Since the Trump administration announced its travel ban, restricting immigrants from seven Muslim-majority countries, its legitimacy has been denounced, supported, and debated. Now, the debate has become a legal one as rulings are issued by U.S. courts.
The legal opposition to the ban began when a Washington State judge issued a temporary restraining order of the ban. The Department of Justice responded to this ruling by filing an emergency motion to halt the Washington judge’s order.
Now, the U.S. Court of Appeals for the 9th Circuit has overruled the Department of Justice’s motion.
The court has received appellants' emergency motion (Docket Entry No. 14)," read the ruling from the appeals court. "Appellants' request for an immediate administrative stay pending full consideration of the emergency motion for a stay pending appeal is denied."

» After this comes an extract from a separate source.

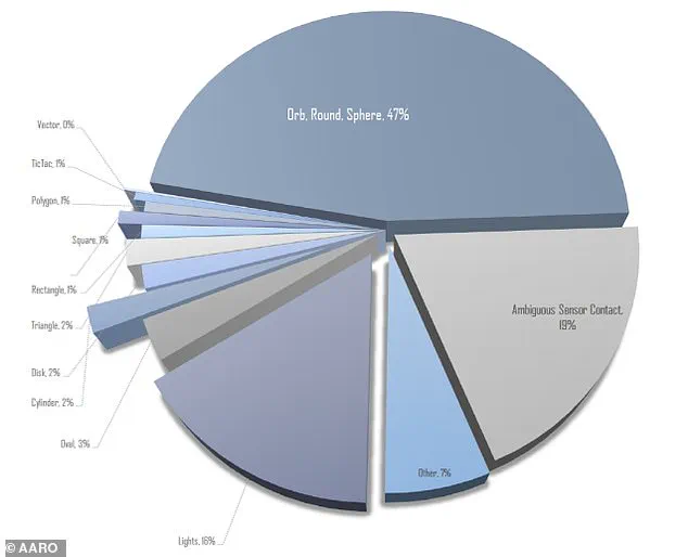 According to the report, the majority of sightings involve objects with round or spherical shapes, often described as ‘orb’ or ‘sphere.’ Other reported forms include polygons, triangles, and even the enigmatic ‘Tic Tac’ shape, a term derived from the object’s resemblance to a child’s toy.
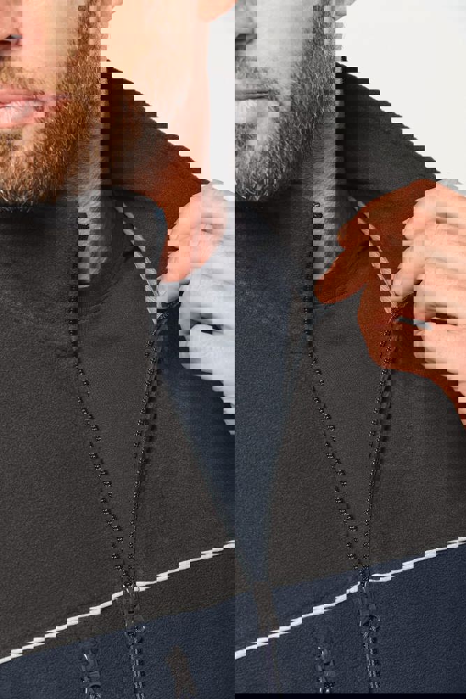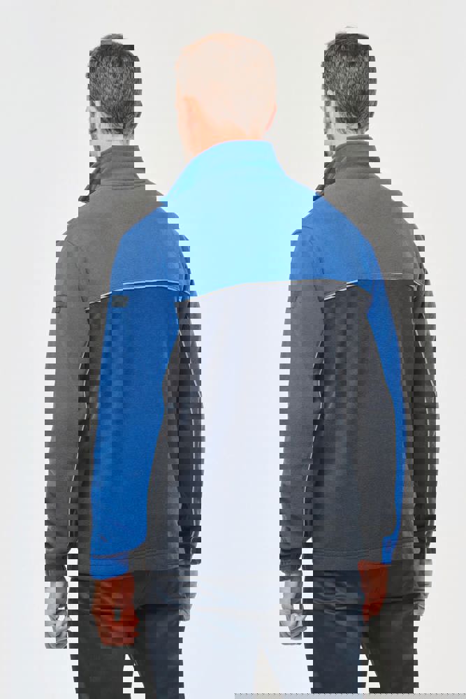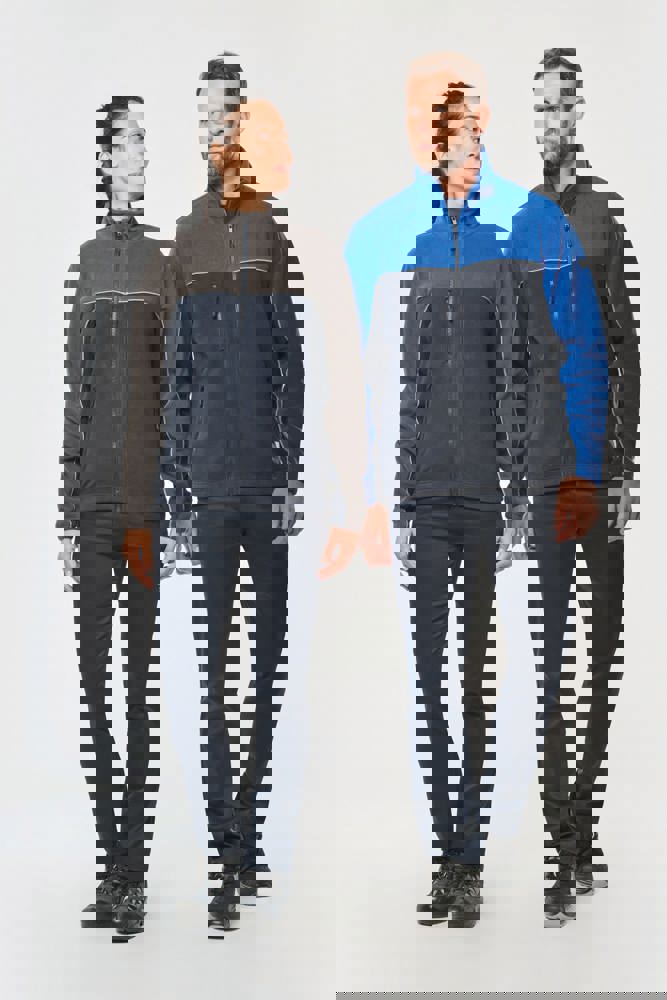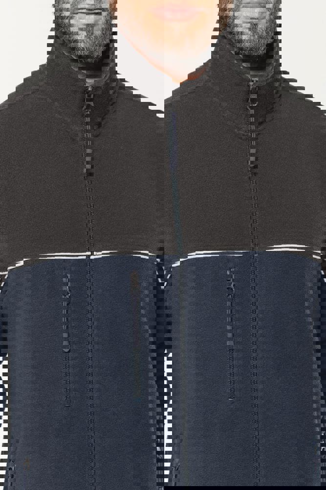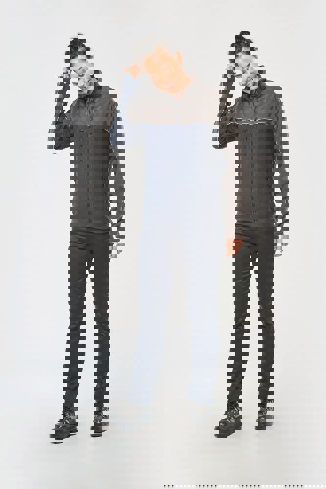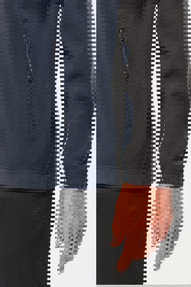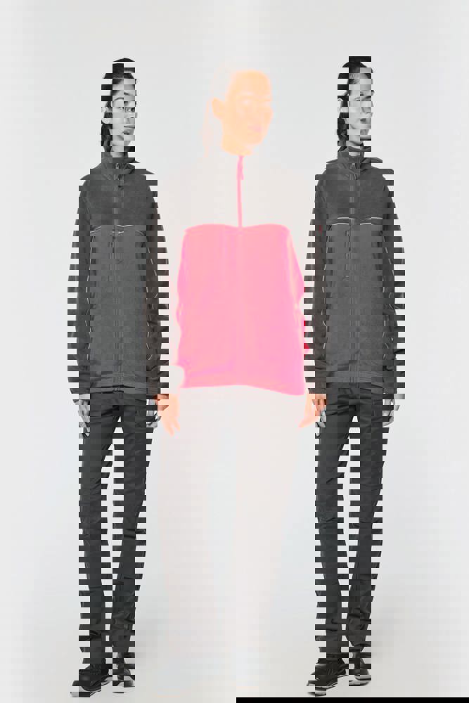 100% polyester. Gemaakt van 100% gerecycleerd polyester. Anti-pluis microfleece. Rechte snit. 2 ritszakken opzij + 1 borstzakje met rits Gerecycleerde toon-op-toon plastic ritsen met ritstrekker. Contrasterende nektape met visgraatmotief. Contrasterende bies tussen de tweekleurige delen van het kledingstuk (lichaam, voorkant mouwen en rug). Elastische penhouder met 3 vakken op de linkermouw. Ophanglint in de kraag. Elastische mouwuiteinden en boord. Tear-away merklabel.

The Trump administration continues to argue that the travel ban is completely lawful, that immigration is an issue dedicated to the executive branch and that the order does not discriminate against religion, but focuses on enacting extreme vetting procedures on residents of countries where terrorism has been proved to be a threat.
Americans--and Republicans--are divided on the ban. Although most Republican lawmakers ultimately support the measure, both Republicans and Democrats have criticized its rollout. CBS News reports that 45 percent of Americans approve of the ban, while 51 percent disapprove.